Mayor Dan for Senate

Original Dan Sullivan was Mayor of Anchorage, just like his dad, George.  He’s a solid, mainstream Republican conservative, as was his father.  He’s a fourth generation Alaskan, with roots in Valdez, Nenana and Fairbanks.  He’s 64, happily married for over 30 years, with a daughter and God knows how many nieces and nephews from his eight siblings.  And he’s got that Irish in his eyes.

I really like this guy, although I’m not sure I ever met him, but I did know his father.  He didn’t get into politics until he was 47, in 1999, when he ran for Anchorage Assembly.  Babbie and I left Alaska in 2001, so we never ran into each other, as far as I know.  But I knew all about his father, especially from my Uncle Fritz.

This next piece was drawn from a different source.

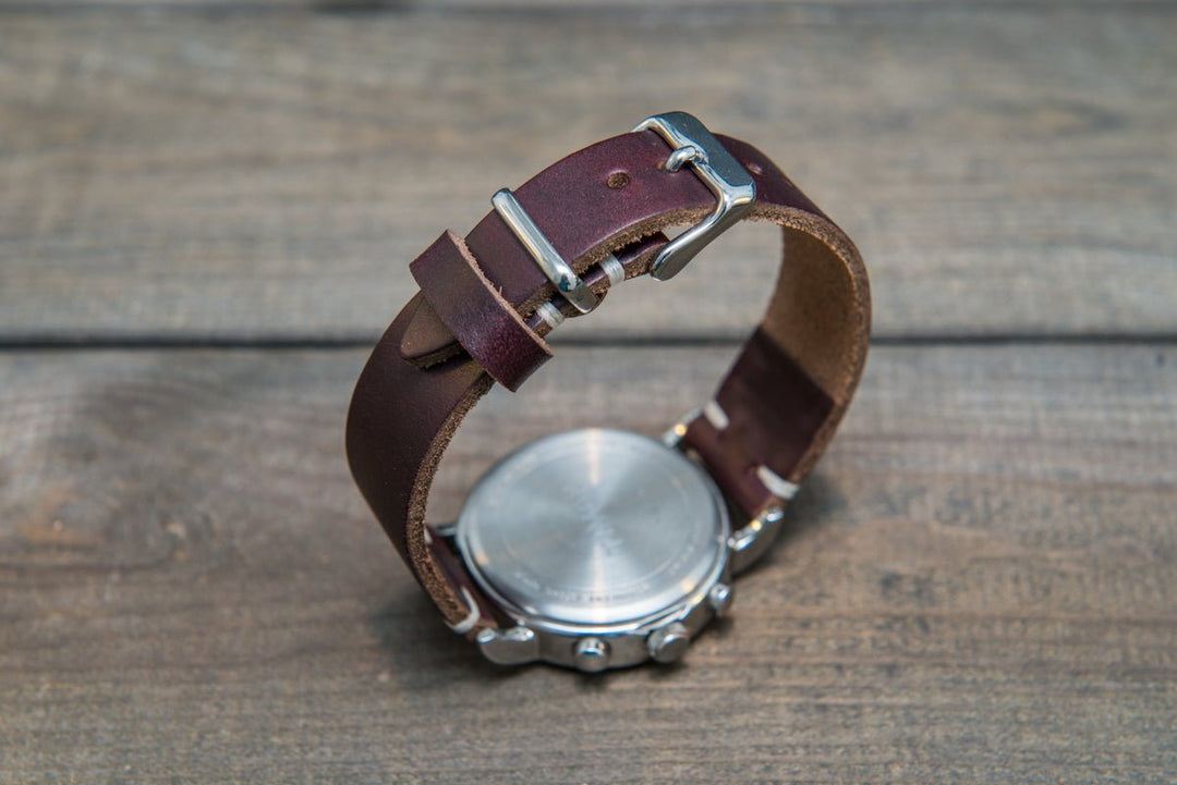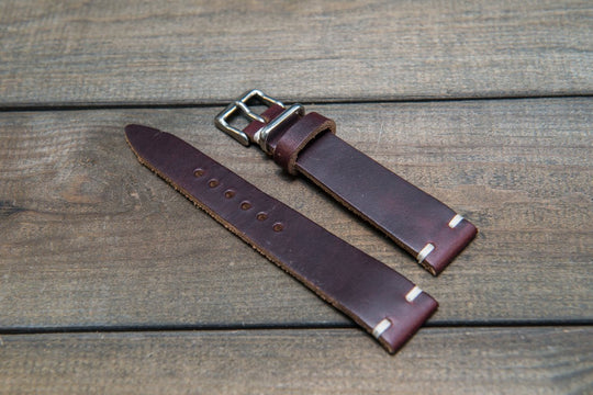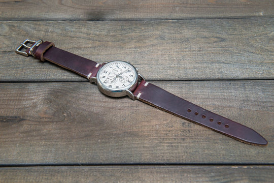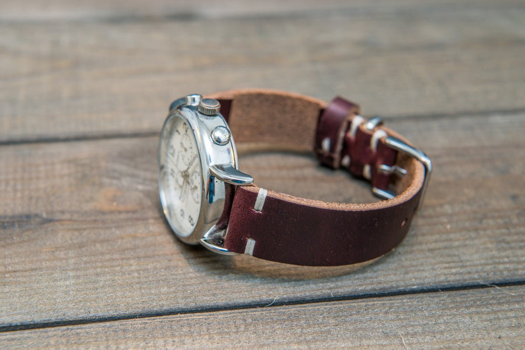 Leather watch strap, Horween Burgundy Chromexcel no. 8 leather watch band. Handmade in Finland. Sizing: 26-22mm, 25-22 mm, 24-20 mm, 23-20 mm, 22-18 mm, 22-20 mm, 20-16 mm, 20-18 mm, 19-16 mm.

I don’t know all the details, but when Uncle Fritz came to Alaska after the war he drank like a fish and was a large, angry and violent man.  I’ve always believed that there were a lot of people like George Sullivan, who, after serving in the Aleutians became a Federal Marshall (just like his own father), tried to keep Uncle Fritz out of serious legal trouble.  They were almost all WW II vets themselves, and they all understood what my uncle had gone through in the war, and they respected him for it.   And Uncle Fritz always had nothing but good things to say about “Sully”.  In fact, to tell you the truth, I never heard anybody say anything bad about George Sullivan.  He was one of those natural born Irish-American politicians, and a man of intelligence and integrity.

This is the first time I’ve really felt the urge to return to Alaska.  The primary is on August 16th, so the next eleven weeks are going to be intense up there.  Murkowski has over $3 million, and Mayor Dan is starting from scratch.  But as soon as I get the green light, I’ll be trying to raise some bucks on his behalf here in the Lower 48.  As soon as he gets a campaign manager and a finance chair I’ll try to be of assistance in any way I can.

Political amateur Joe Miller beat Murkowski in the primary six years ago, and I’m not aware of anything she’s done to endear her to the conservative base of the Alaska electorate since then.  She may have bagged some pork, but that’s not what Alaska needs right now.  Substantively, she has no accomplishments in her fourteen year career.   The WSJ once dubbed her father, Frank, a Republican “utility infielder” in the Senate, and he shines in comparison to his dimwitted daughter.

Dan says he’ll run a positive campaign, and that’s smart.  Murkowski’s ineffectiveness in the Senate is glaringly obvious, and she is such a transparent airhead that even low information voters can see she has no business in the United States Senate.  But she’s a woman and a mother, so you can’t throw punches.  In her case, it’s not necessary.

The thing is, I love politics, I’ve been at it a very long time, and I have a lot of ideas.  I’ve known Lisa Murkowski since she was a 21 year old volunteer on her father’s campaign for the Senate in 1980.  And while I’ve been gone for fifteen years, I still know a lot about Alaska politics.

When I got to Juneau in ’83 I made a lot of friends who had been in the Legislature for a long time, and they used to tell me stories.  One of my favorites was about Mayor Dan’s father, who had been appointed to fill a vacancy in the House.  When the Good Friday earthquake hit South Central in “64, Governor Egan called a bunch of legislators up to his office to share the small bits of information he had.  Communication to Anchorage had been cut off, and nobody knew how bad it was, only that it was very bad.  Somebody made a wisecrack about how Anchorage kind of had it coming, and this totally pissed off George M. Sullivan.  He had a wife, nine kids, and innumerable friends and neighbors who were unaccounted for, and you couldn’t help but fear the worst.  He got up and knocked this guy flat on his ass, right there in the Governor’s Conference Room.

Anchorage’s sports arena is named for George M. Sullivan.  That’s where we have our boxing matches.  He was a great man, and a great Alaskan.